◆ Exercise description
Output only the lines below from the one holding "ARIADNA MONTIEL SECRETARIA DE BIENESTAR" down to the one holding "Фараскі маяк (III", both end lines included and every picture dropped.

◆ Source material
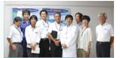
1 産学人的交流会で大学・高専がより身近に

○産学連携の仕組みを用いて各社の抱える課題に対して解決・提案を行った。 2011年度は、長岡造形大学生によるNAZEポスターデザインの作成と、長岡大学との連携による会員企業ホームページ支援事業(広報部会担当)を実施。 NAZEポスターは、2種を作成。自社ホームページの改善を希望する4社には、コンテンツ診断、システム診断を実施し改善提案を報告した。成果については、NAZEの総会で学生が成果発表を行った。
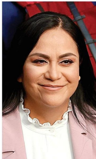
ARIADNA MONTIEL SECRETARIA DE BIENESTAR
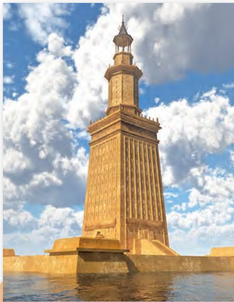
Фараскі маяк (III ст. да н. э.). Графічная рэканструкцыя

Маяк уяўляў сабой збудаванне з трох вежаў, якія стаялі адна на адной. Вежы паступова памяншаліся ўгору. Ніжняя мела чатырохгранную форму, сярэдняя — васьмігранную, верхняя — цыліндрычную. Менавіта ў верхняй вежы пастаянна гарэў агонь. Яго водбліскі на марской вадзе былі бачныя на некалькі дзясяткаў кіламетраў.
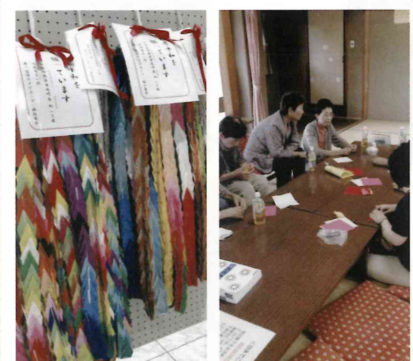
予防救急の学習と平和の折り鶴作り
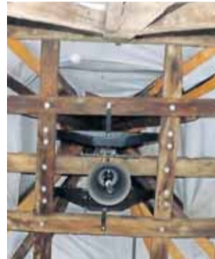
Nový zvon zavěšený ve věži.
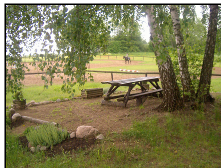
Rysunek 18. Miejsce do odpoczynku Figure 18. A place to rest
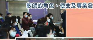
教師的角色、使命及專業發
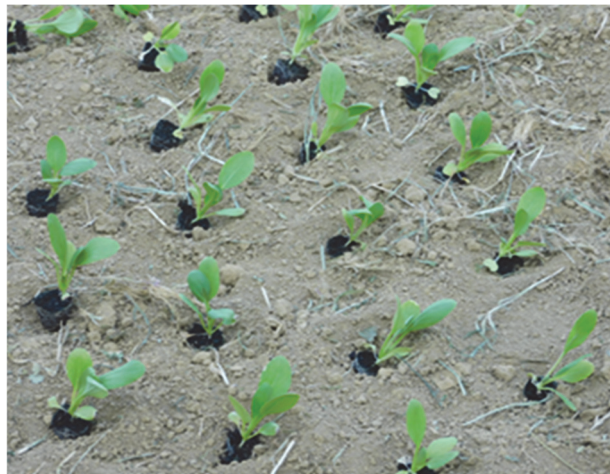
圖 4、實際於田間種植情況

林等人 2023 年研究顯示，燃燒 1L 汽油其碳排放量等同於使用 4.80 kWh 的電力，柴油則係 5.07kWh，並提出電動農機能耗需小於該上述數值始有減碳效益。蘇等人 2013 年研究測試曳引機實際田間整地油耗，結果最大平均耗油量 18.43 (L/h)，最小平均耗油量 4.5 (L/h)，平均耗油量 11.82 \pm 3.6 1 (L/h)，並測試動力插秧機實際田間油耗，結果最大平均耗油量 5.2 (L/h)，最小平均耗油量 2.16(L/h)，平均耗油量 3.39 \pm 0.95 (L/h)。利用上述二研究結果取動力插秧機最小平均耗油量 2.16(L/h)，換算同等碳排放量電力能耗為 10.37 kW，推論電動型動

* * *

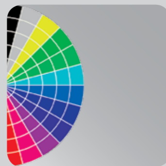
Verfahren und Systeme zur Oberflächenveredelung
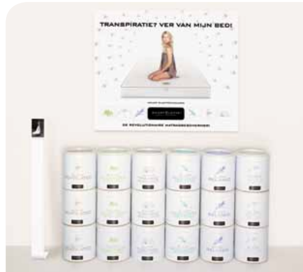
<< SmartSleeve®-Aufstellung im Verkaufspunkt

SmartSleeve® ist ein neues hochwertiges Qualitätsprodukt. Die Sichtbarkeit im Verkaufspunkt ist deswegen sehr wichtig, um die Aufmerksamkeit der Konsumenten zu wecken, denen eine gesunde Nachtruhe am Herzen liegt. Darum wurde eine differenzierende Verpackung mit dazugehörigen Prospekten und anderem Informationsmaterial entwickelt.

◆ Result of the task
ARIADNA MONTIEL SECRETARIA DE BIENESTAR
Фараскі маяк (III ст. да н. э.). Графічная рэканструкцыя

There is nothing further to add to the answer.